FILE PHOTO: The Bank of England is seen in London, Britain, April 9, 2018. REUTERS/Hannah McKay/File Photo

Trade concerns exist outside Britain too. The Bundesbank sharply cut its growth forecast for Germany on Friday, partly due to worries that U.S. President Donald Trump may spark a trade war with his tariffs on European and Japanese steel.

HEDGING BETS

If it wishes, the BoE will have ample chance to bring clarity on Thursday, when the MPC will publish a statement at 1100 GMT and Carney is due to give a major speech at 2015 GMT.

But many economists expect the central bank to keep hedging its bets. Since its last meeting, inflation has fallen to a one-year low of 2.4 percent and April industrial output and construction data were strikingly weak.

However, business surveys for May have perked up, pointing to second-quarter growth of 0.3-0.4 percent, according to IHS Markit, a financial data company. This is just about in line with the maximum rate the BoE thinks the economy can sustain without causing too much inflation.

Wage growth has been solid if unspectacular, and May retail sales were strong, reflecting sunny weather, a royal wedding and a partial easing of the inflation pressure that has squeezed British consumer demand since June 2016’s Brexit vote.

Two BoE policymakers - Ian McCafferty, whose term ends in August, and Michael Saunders - are expected to stick with their view, held since March, that rates need to go up now.

The rest of the MPC are likely to conclude that there is little cost in waiting until at least August before deciding whether to raise rates, economists say.

Even then, it could find further reason to delay.
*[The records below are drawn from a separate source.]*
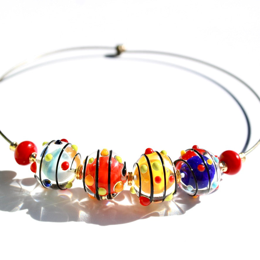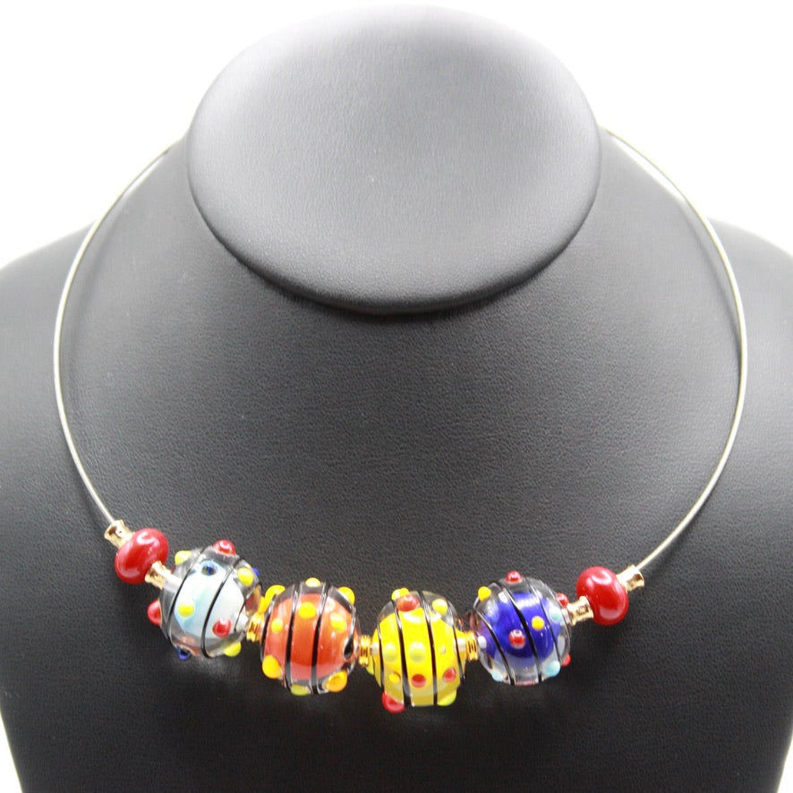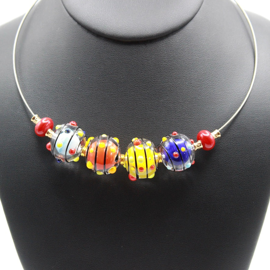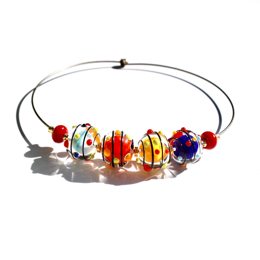 Collier en verre de Murano filé au chalumeau par Pasc@l le perlier d'art maison d'un un ras de cou semi-rigide en métal qui s'adaptera parfaitement et facilement à tous les tours de cou, en un clin d’œil joyeux.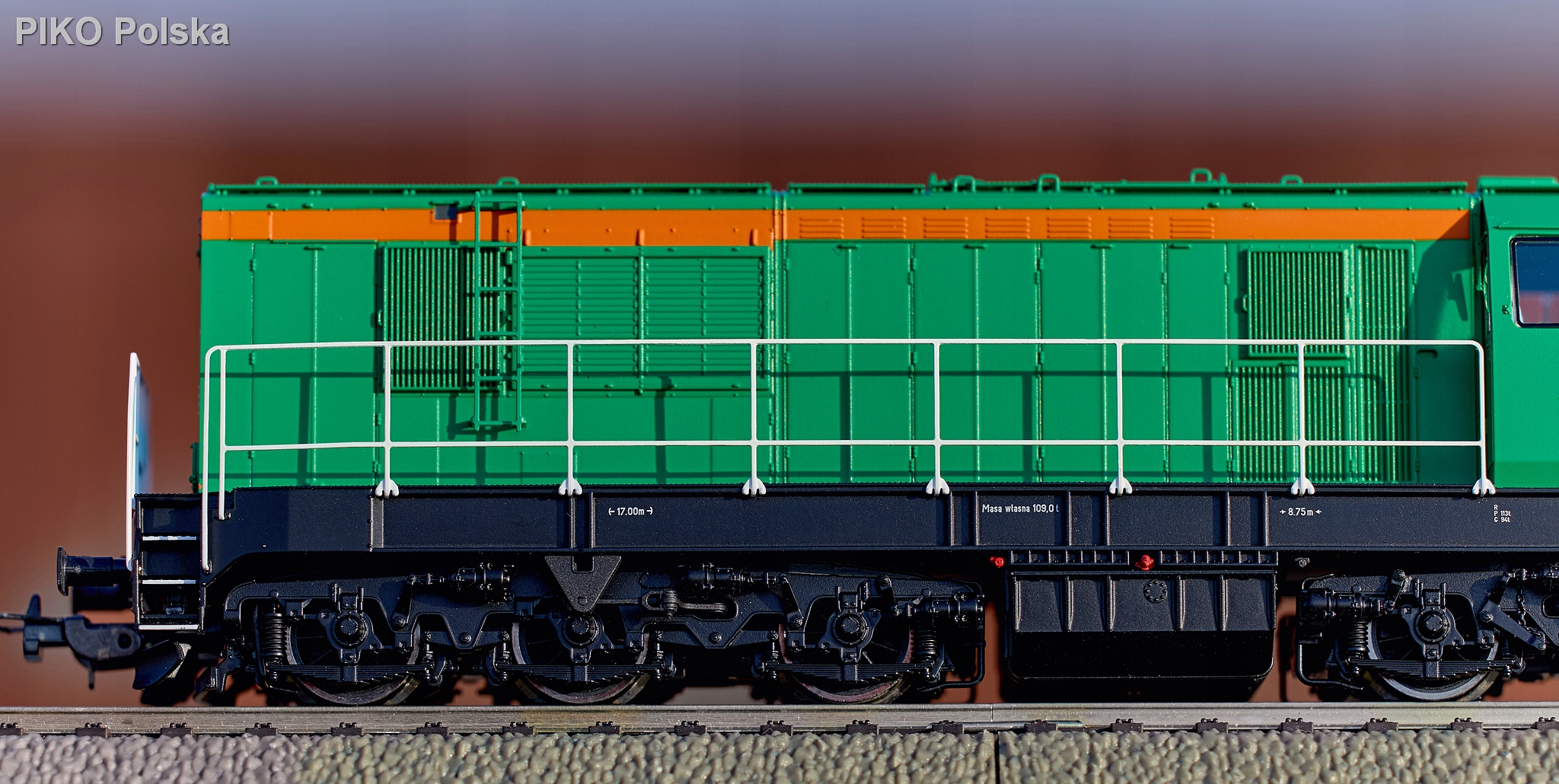 Новая конструкция также отличается от вращающегося вентилятора , прекрасно воспроизводимых колясок и филигранных металлических поручений. Технически, модель соответствует проверенной линейке продуктов Piko: центрально размещенным двигателем с двумя маховиками, приводит к тому, что внешние наборы обеих тележек с помощью карданских роликов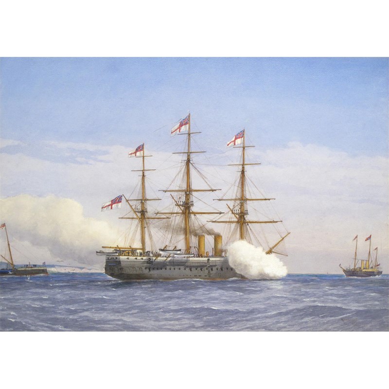 William Frederick Mitchell (1845-1914) H.M.S. Bacchante with H.M. yacht Osborne possibly off the...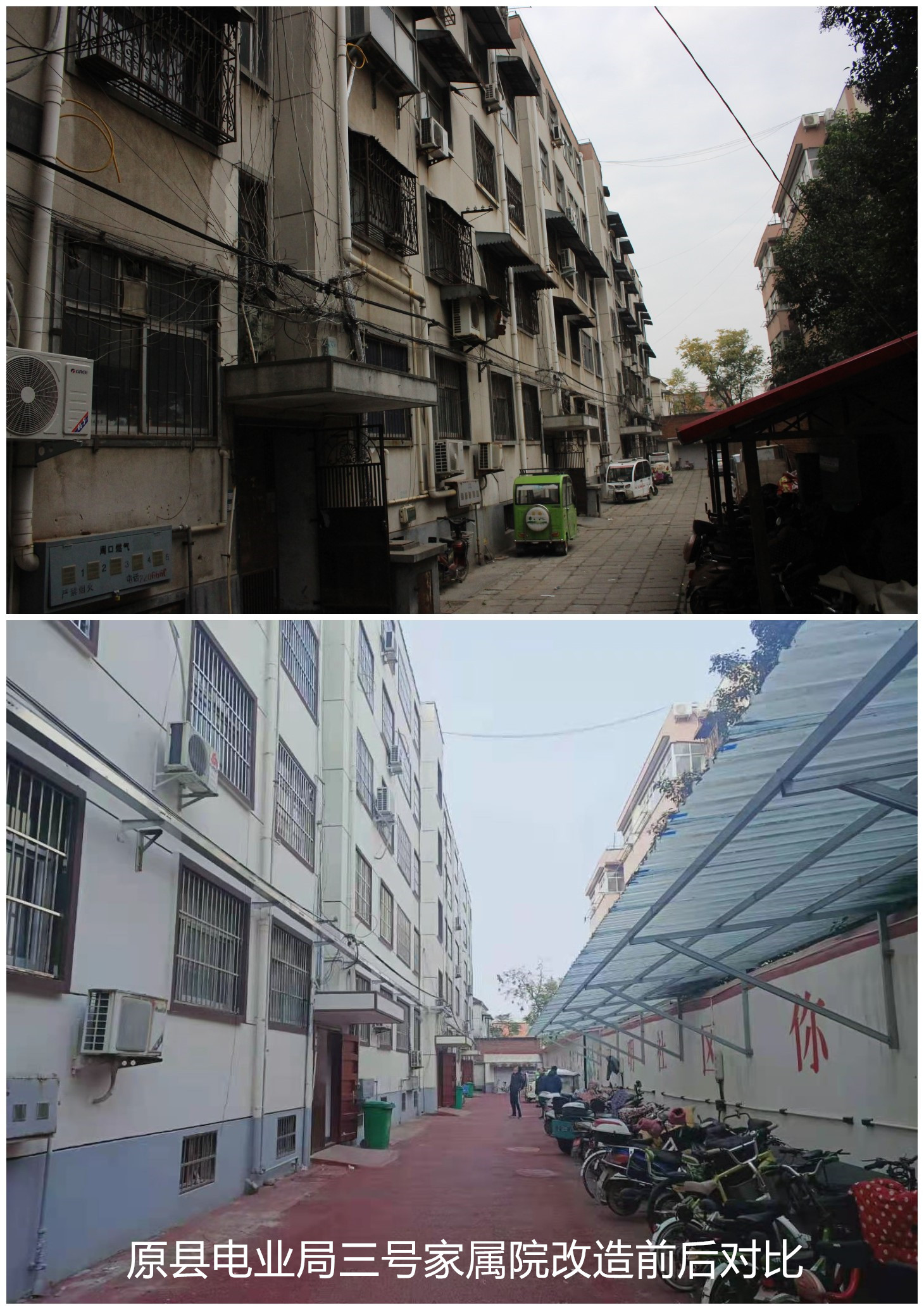 12月22日,陽光明媚,記者一行走進位于西華縣箕城路上的供電公司(原電業(yè)局)三號家屬院,只見一棟五層高的家屬樓墻壁被粉刷一新,家家戶戶新裝的不銹鋼防盜窗結(jié)實穩(wěn)固,院里新鋪設(shè)的紅色透水混泥土地面平整干凈,配有充電插座的電動車雨棚方便實用,充滿新意的“文化墻”耀眼醒目……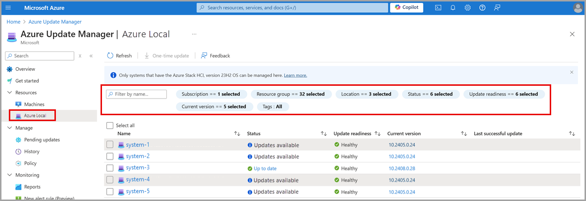 AUM provides a centralized view to apply and manage updates across all Azure Local instances. In the Azure portal, go to Azure Update Manager > Resources > Azure Local.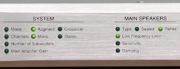 For Channels, you can choose between Mono and Stereo. If Stereo, then you connect two sets of inputs and outputs on the rear panel instead of just one if you choose Mono. Either way, though, you can use just one subwoofer, which is the next item in the menu. You can have multiple subs, up to 16(!). The Main Amplifier Gain is a number that represents the amount of dB gain between input and output of your power amplifier. It goes up to a maximum of 40. In the Main Speakers Menu, you set the Type as either Sealed or Reflex (ported or passive radiator), the Low Frequency Limit as the frequency that your main speakers have at their 3 dB down point (speaker specifications usually list this as the frequency response ± 3 dB, so you use the frequency at the - 3 dB number in this specification). The Sensitivity is next, which would be something like 87 dB in your speaker specifications sheet. The Damping Factor (the "Q") of your speakers is dialed in next in the menu. It ranges from 0.5 to 0.9. If your speaker spec sheet does not list it, you can use 0.8 for sealed enclosures and 0.7 for ported (reflex) enclosures. In the middle of the panel are the Readout, shown below as "20" with respect to the Low Frequency Limit LED that is active in the Main Speakers Menu shown above, and then the LED indicators for a category called "Performance". The Low Frequency Extension setting is for how low you want the subwoofer to play. So, this is the subwoofer cutoff frequency. It will limit low frequencies in subwoofers that have trouble with, say, reproducing anything below 25 Hz, and can improve the performance of such subs. The Crossover Frequency setting is used when you select Crossover in the System Menu. Setting it to, say, 60 Hz (you can select from a range between 40 Hz and 99 Hz), will send all frequencies above 80 Hz to your main speakers and all frequencies at 80 Hz and below to the subwoofer. You would use this most often with bookshelf speakers rather than floor-standers. The LFE Level lets you have a separate path for LFE signals from receivers than the low frequencies going to the main speakers. Its level adjustment is used to balance LFE bass with main speaker bass.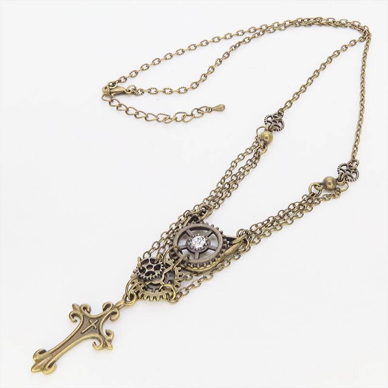 アンティークゴールド 猫とロザリオのスマートなスチームパンク風ダブルチェーン ネックレス アジャスター付 長さ調整可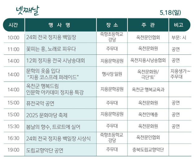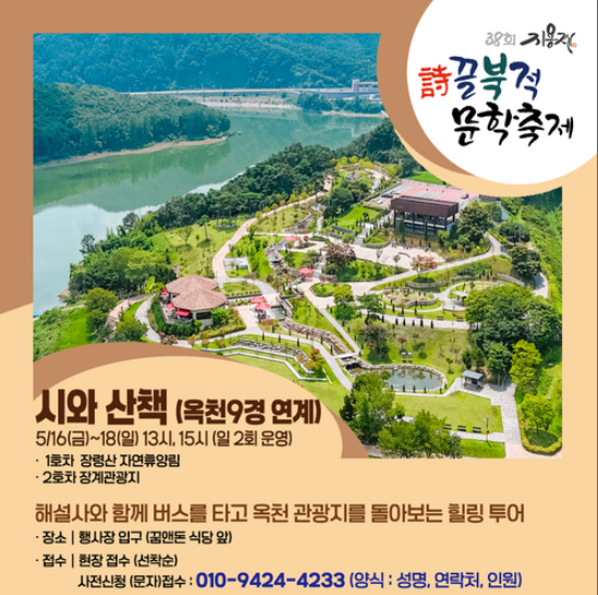 이번 옥천 지용제에 참여해 시와 예술, 자연이 어우러진 시간 속에서 힐링을 경험해보세요. 5월, 옥천에서 여러분을 기다립니다!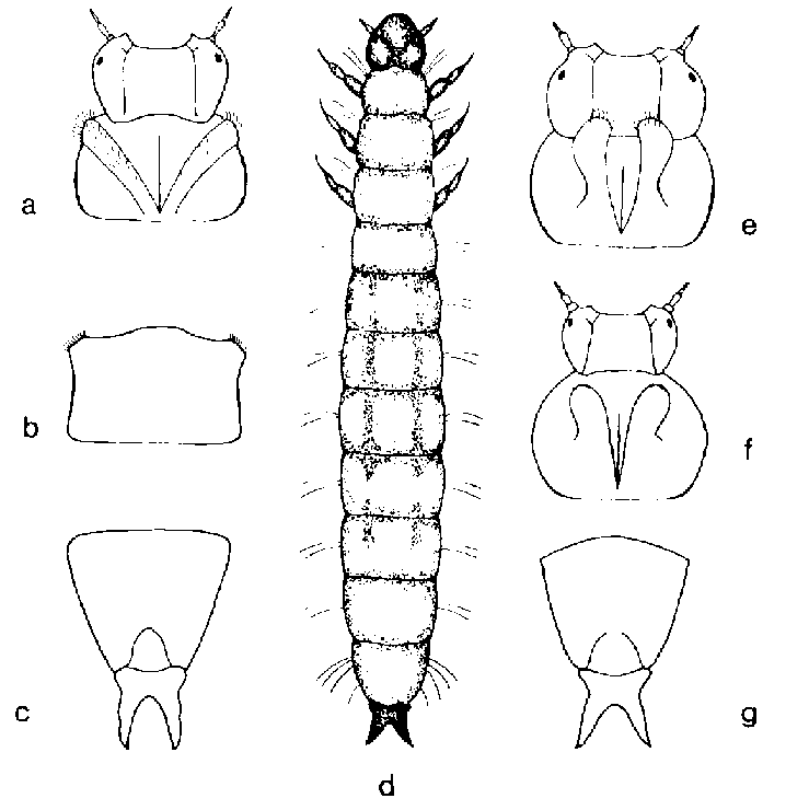 - Les plaques dorsales des segments abdominaux 3-8 ne sont pas interrompues en leur mi lieu par une tache claire. Le bord postérieur des plaques dorsales des segments abdominaux 2-7 ne portent qu'une soie de chaque côté (fig. 77 d, e)
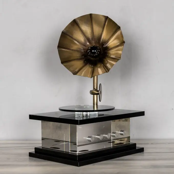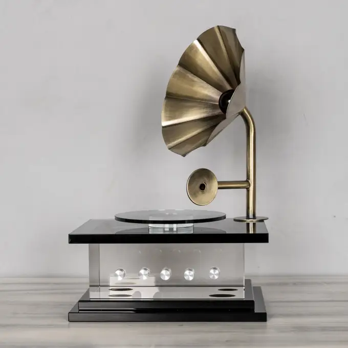 This Gramophone is a stunning, timeless piece of art that effortlessly enhances your living space with unmatched elegance, completing your decor. This refined and sophisticated artifact combines a distinctly modern vibe with a strong vintage flair, thanks to its vibrant color palette. Sold Out Show features a sleek fiberglass body paired with a brass horn, making it as captivating as any other gramophone. Explore more captivating home decor designs here.

A change to the Office for National Statistics’ publication schedule means second-quarter GDP data will not be released until after the BoE’s August rate meeting.

“August would be too much of a gamble and (we) see November as the next best opportunity for a hike, assuming data strengthens more than we expect and that Brexit remains free of major disruption,” Barclays economists Fabrice Montagne and Sreekala Kochugovindan said.